What's important, though, is that even in those situations where expert knowledge seems necessary, you're better off relying on the judgment of a group of experts rather than a single expert, no matter how brilliant. The truth is that I don't really think of The Wisdom of Crowds as a defense of laypeople against experts. (As I say in the book, I always assume that in most cases, "crowds" will include experts as well as amateurs.) I think of it as a defense of collective decision-making against our excessive faith in the single, individual decision-maker. Your book, for instance, opens with the story of a Greek kouros that the Getty Museum thought was real, but that in truth was a clever fake. If I were trying to decide whether or not the statue was real, I would put far more trust in the collective judgment of the many experts who came to see the statue rather than in the judgment of any one of them, even someone like Thomas Hoving, the former director of the Metropolitan Museumof Art, who's one of the heroes of your book.

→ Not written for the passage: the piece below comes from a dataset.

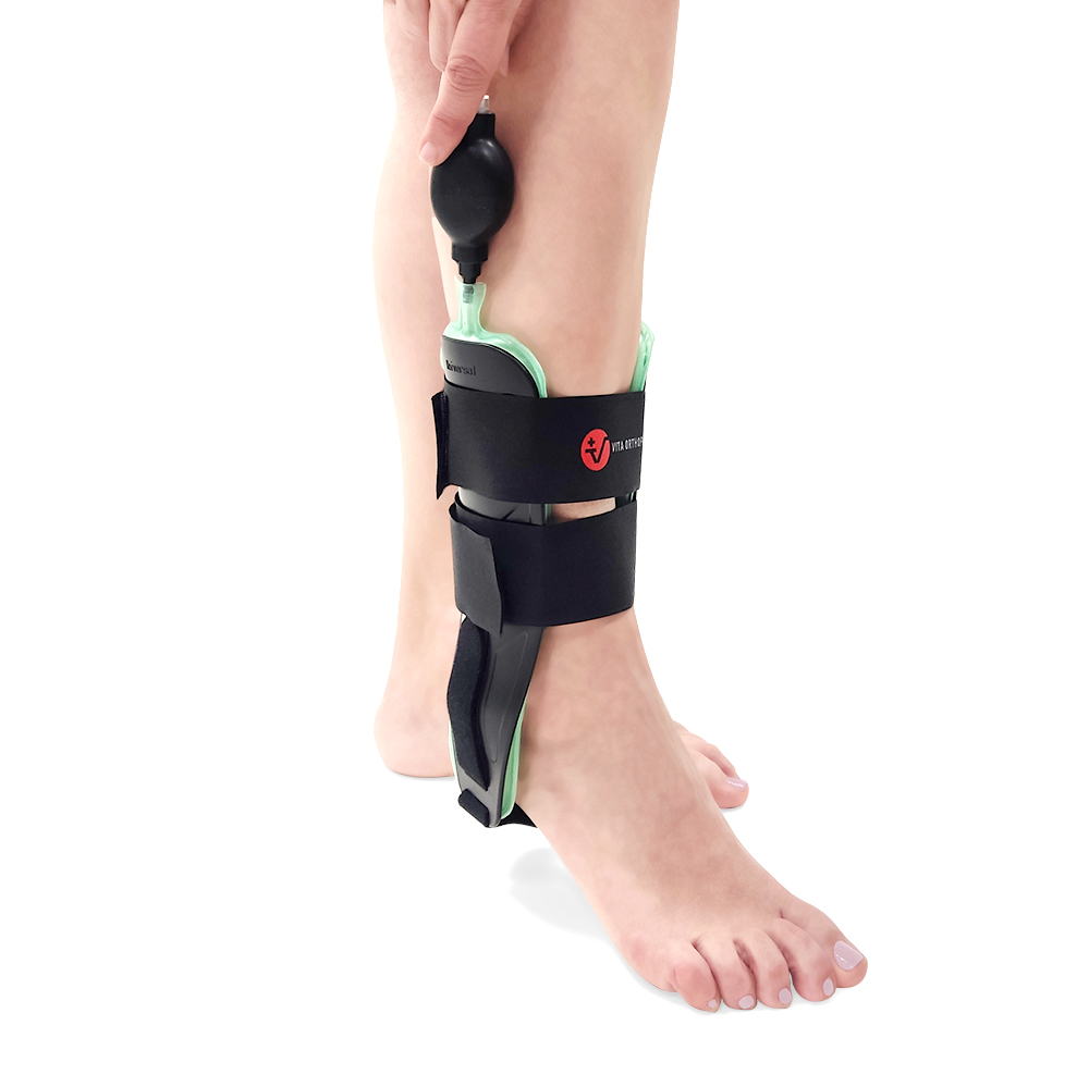 Κατασκευή από ευπροσάρμοστο πλαστικό υλικό. Ρυθμιζόμενοι αυτοκόλλητοι ιμάντες σταθεροποίησης του νάρθηκα. Αυτοκόλλητο ρυθμιζόμενο πελματιαίο πατάκι που καθιστά το βοήθημα κοινού μεγέθους. Δύο πλάγιοι ανατομικοί αεροθάλαμοι εισαγωγής και εξαγωγής του αέρα με σωληνάκια (in-out), ανάλογα με τις ανάγκες του ασθενή. Επιτρέπεται μόνο η κάμψη και έκταση της ποδοκνημικής. Βοηθά στη μείωση του οιδήματος και στην καλή κυκλοφορία του αίματος. Εφαρμόζει μόνο σε αθλητικά υποδήματα. Αμφιδέξιος. Χρώμα: Μαύρο

I think there are two big problems with relying on a single individual—and those problems exist whether that individual uses rapid cognition or a more deliberate style. The first is that true experts—that is, the real titans—are surprisingly hard to identify. Past performance obviously provides some clue, but you need a very long track record to be sure that someone's performance is really the result of genuine superiority rather than chance. As Nassim Taleb puts it, it's easy to be fooled by randomness. Paul van Riper certainly sounds brilliant, but the Millennium Challenge is a sample of one.

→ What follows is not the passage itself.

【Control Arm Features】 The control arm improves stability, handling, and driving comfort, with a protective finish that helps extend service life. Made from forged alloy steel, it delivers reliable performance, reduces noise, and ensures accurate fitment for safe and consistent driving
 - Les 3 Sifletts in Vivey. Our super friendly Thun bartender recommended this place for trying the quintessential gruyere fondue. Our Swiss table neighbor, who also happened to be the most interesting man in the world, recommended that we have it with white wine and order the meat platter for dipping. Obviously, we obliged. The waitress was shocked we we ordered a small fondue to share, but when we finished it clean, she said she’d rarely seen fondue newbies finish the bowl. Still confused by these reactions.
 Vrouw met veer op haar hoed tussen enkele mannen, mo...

The second, and more important, problem is that even brilliant experts have biases and blind spots, and so they make mistakes. And what's troubling is that, in general, they don't know when they're doing it. You suggest in Blink that experts have a better sense than laypeople of the unconscious processes that underlie their instantaneous reactions, and that sounds right to me. But study after study has shown that expert judgments are very poorly calibrated—which means that there's little correlation between an expert's confidence in his judgment and the accuracy of it. (The two great exceptions are weathermen and bridge players.) In other words, experts don't know when they don't know something.
To me, that's one of the (and maybe the) great virtues of collective decision-making: It doesn't matter when an individual makes a mistake. As long as the group is diverse and independent enough, the errors get corrected and you're left with the knowledge. And here, oddly enough, Blink and The Wisdom of Crowds intersect quite nicely. A lot of your book, as I said, is about how biases and prejudices and inexperience can lead us astray when we rely on rapid cognition. My book suggests that in lots of cases, if you aggregate those flawed judgments, you can get rid of the flaws and keep the benefits of rapid cognition.
That leads into an issue that Blink wrestles with but that I'd like to hear a little more about: All through Blink, there are examples of very smart people relying on their instincts and making very bad judgments. Can we know in advance when that's going to happen—when an expert's intuitions are to be trusted and when they're likely to be faulty? And is rapid cognition as a decision-making mechanism more susceptible to problems of bias, prejudice, etc.? I think one of the reasons why we instinctively (as it were) put more trust in deliberative cognition is that we assume the more time you spend on something, the more likely you are to recognize your mistakes and correct them. ("Always check your work," we were counseled in math class.) Is this a founding myth of the Standard Model?
James Surowiecki, a former Slate columnist, writes the "Financial Page" column for The New Yorker. Malcolm Gladwell is a writer for The New Yorker.